• Requirement: Copy the records exactly, leaving out every picture.

>>>>>

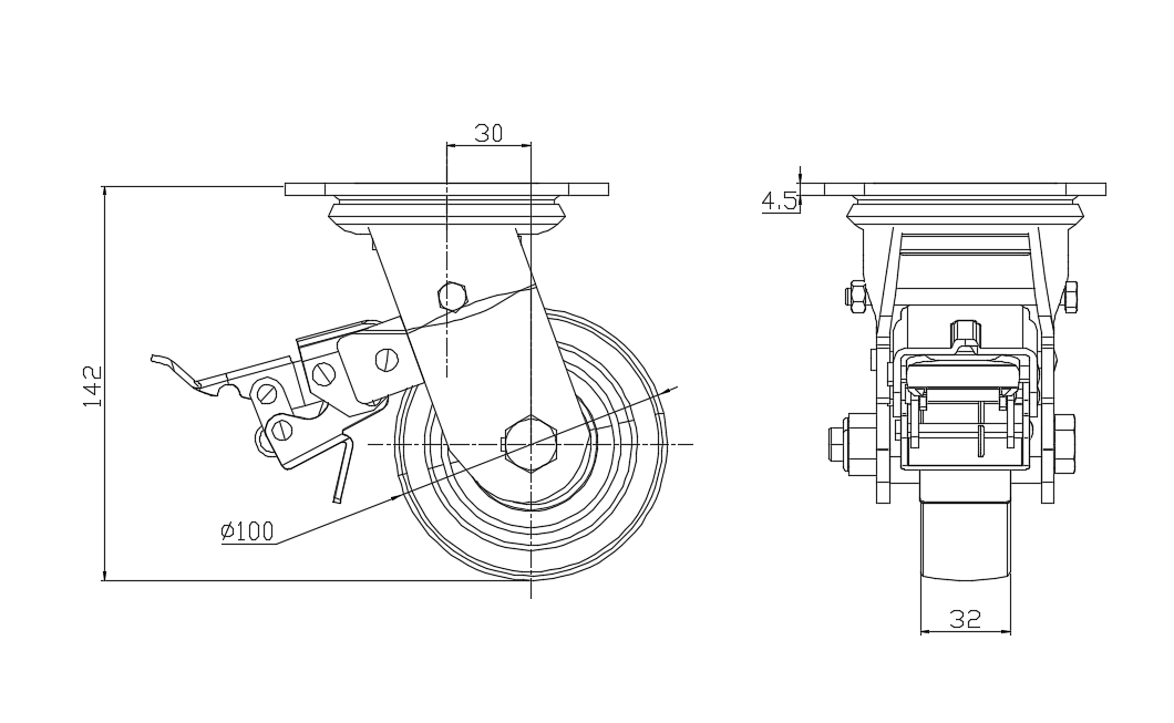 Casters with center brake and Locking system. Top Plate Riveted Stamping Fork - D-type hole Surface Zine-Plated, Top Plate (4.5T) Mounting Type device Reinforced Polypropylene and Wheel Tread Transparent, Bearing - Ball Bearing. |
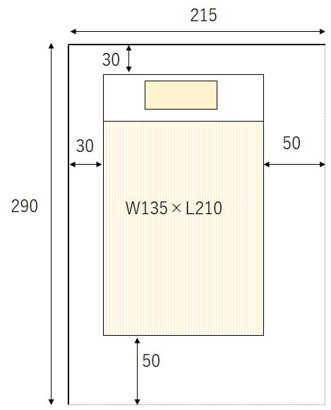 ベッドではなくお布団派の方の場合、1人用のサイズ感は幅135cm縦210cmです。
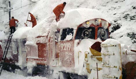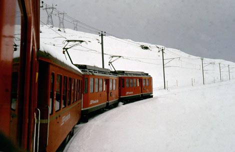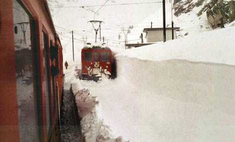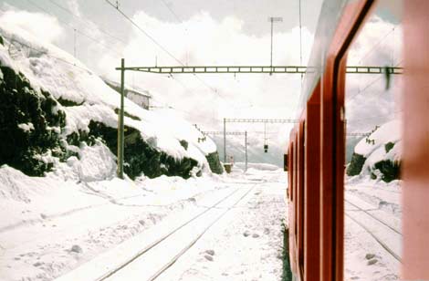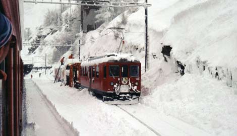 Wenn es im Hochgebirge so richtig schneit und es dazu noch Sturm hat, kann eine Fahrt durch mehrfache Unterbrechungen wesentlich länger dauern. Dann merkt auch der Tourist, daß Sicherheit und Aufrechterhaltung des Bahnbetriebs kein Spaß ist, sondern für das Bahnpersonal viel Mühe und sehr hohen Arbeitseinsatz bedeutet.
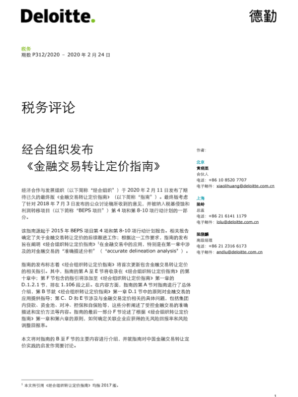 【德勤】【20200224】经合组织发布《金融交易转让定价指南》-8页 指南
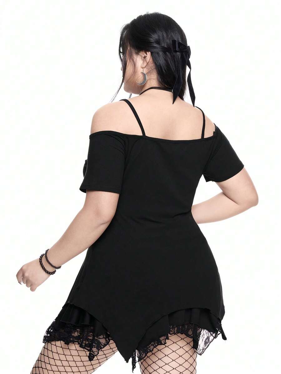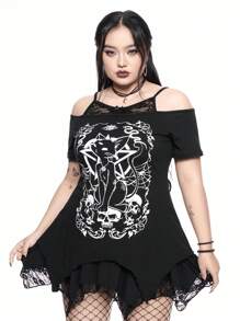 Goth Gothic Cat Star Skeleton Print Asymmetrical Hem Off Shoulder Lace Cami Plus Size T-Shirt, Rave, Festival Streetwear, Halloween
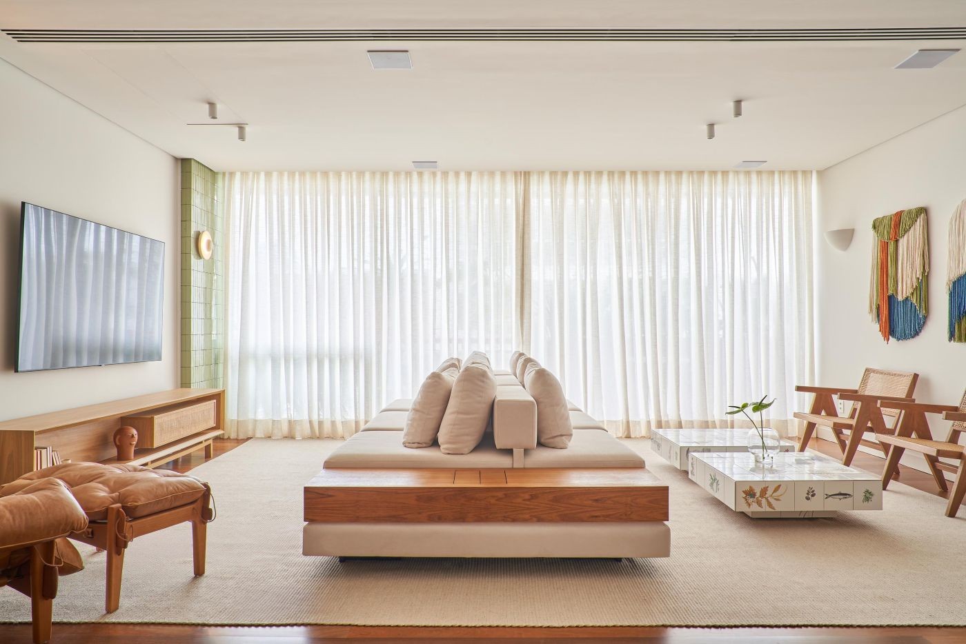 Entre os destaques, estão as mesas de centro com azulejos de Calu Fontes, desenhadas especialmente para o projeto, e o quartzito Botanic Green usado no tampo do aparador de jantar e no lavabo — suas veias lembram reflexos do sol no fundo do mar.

<<<<<

• Exercise response:
 Casters with center brake and Locking system. Top Plate Riveted Stamping Fork - D-type hole Surface Zine-Plated, Top Plate (4.5T) Mounting Type device Reinforced Polypropylene and Wheel Tread Transparent, Bearing - Ball Bearing. |
 ベッドではなくお布団派の方の場合、1人用のサイズ感は幅135cm縦210cmです。
 Wenn es im Hochgebirge so richtig schneit und es dazu noch Sturm hat, kann eine Fahrt durch mehrfache Unterbrechungen wesentlich länger dauern. Dann merkt auch der Tourist, daß Sicherheit und Aufrechterhaltung des Bahnbetriebs kein Spaß ist, sondern für das Bahnpersonal viel Mühe und sehr hohen Arbeitseinsatz bedeutet.
 【德勤】【20200224】经合组织发布《金融交易转让定价指南》-8页 指南
 Goth Gothic Cat Star Skeleton Print Asymmetrical Hem Off Shoulder Lace Cami Plus Size T-Shirt, Rave, Festival Streetwear, Halloween
 Entre os destaques, estão as mesas de centro com azulejos de Calu Fontes, desenhadas especialmente para o projeto, e o quartzito Botanic Green usado no tampo do aparador de jantar e no lavabo — suas veias lembram reflexos do sol no fundo do mar.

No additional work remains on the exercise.